On June 15, an 85-year-old woman was taken by ambulance to the emergency department. She had been experiencing abdominal pain, generalized weakness, diarrhea, nausea, and vomiting for two days. Her medical history included dementia, hypertension, and a ventral hernia repair.
An abdominal CT revealed an anterior ventral hernia containing non-obstructed bowel loop. In the radiology report, there was no mention of the gallbladder.
The admitting internal medicine physician believed the patient’s right upper quadrant pain was suggestive of gallbladder disease. He ordered an ultrasound and a hepatobiliary scan, though the hepatobiliary scan was not performed.
The radiologist, a defendant in this case, interpreted the ultrasound and documented “…multiple echogenic defects within the gallbladder. The gallbladder wall is thickened at 4.6 mm.” The patient was diagnosed with cholelithiasis and cholecystitis. A consult with a general surgeon was requested.
Based on the patient’s symptoms and the results of the ultrasound, the general surgeon ordered a hepatobiliary scan with gallbladder ejection fraction to make sure the cholecystitis was not acute. He also noted the presence of a large anterior abdominal wall hernia containing non-obstructed bowel loops. The general surgeon suggested surgery only on an emergent basis.
The hepatobiliary scan revealed, “Small liver. Non-visualization of gallbladder compatible with cystic duct obstruction and acute cholecystitis. Dilated hepatic duct and CBD and ectasia of the CBD distally and protruding into the pancreatic head area. No biliary obstruction.”
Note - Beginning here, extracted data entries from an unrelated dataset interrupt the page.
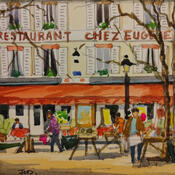 This unique and original contemporary artwork "Chez Eugène à Montmartre" on the subject of Urban has been created by the contemporary artist Decoudun Jean charles.
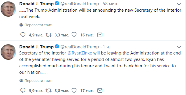 Президент США Дональд Трамп объявил, что министр внутренних дел США Райан Зинке покинет свой пост до конца года. Об этом он написал в своем Twitter.
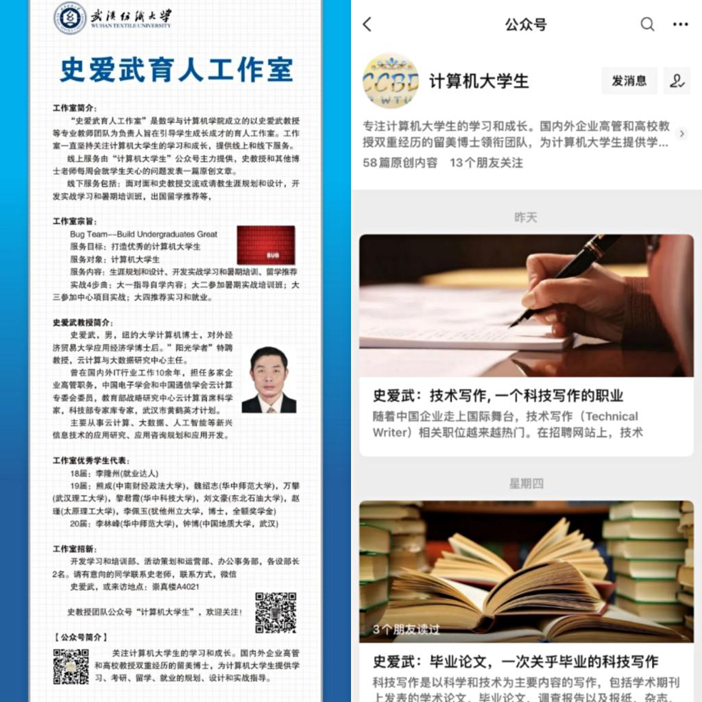 (学院成立“史爱武育人”工作室,开设“计算机大学生”微信公众号,帮助学生更清晰规划大学生涯)

After speaking with the admitting physician, the general surgeon agreed to perform surgery on June 20.
The general surgeon performed an open laparotomy and learned the patient did not have a gallbladder. The clips were in place from a previous surgery. He also noted that the abdominal wall was virtually non-existent, measuring approximately 3 mm in thickness. The general surgeon irrigated the area and removed all fluids, placed a drain, and attempted repair of the subcostal hernia.
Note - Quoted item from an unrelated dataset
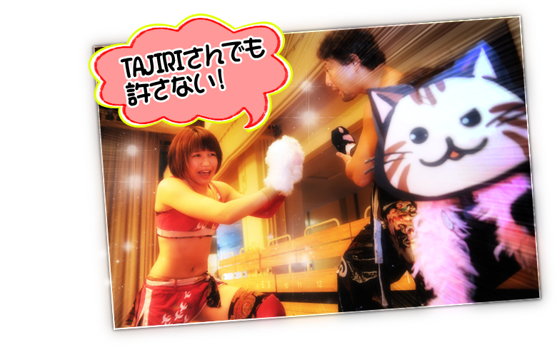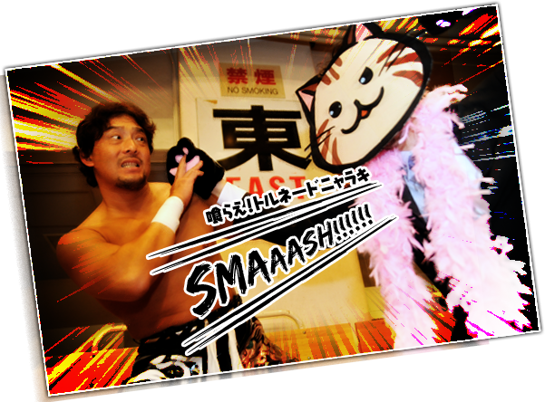 最後の抵抗を試みるニャラキでしたが、TAJIRI選手のミドルキックがお尻に炸裂し、あえなくダウン!

After the surgery, the patient went on to develop leukocytosis, bandemia, and sepsis. She became incontinent and nauseated with green emesis. Studies revealed a small bowel obstruction, but the general surgeon felt that surgery to repair the obstruction was too risky. He recommended palliative management with admission to hospice.
On July 17, the patient was transferred to another facility. After refusal by a number of surgeons, the family found a surgeon to explore the patient’s incarcerated incisional hernia. That surgeon found two strangulated internal hernias within the sac, with perforation and ischemic changes. The surgeon also found an ischemic ileum that required re-section and re-anastomosis.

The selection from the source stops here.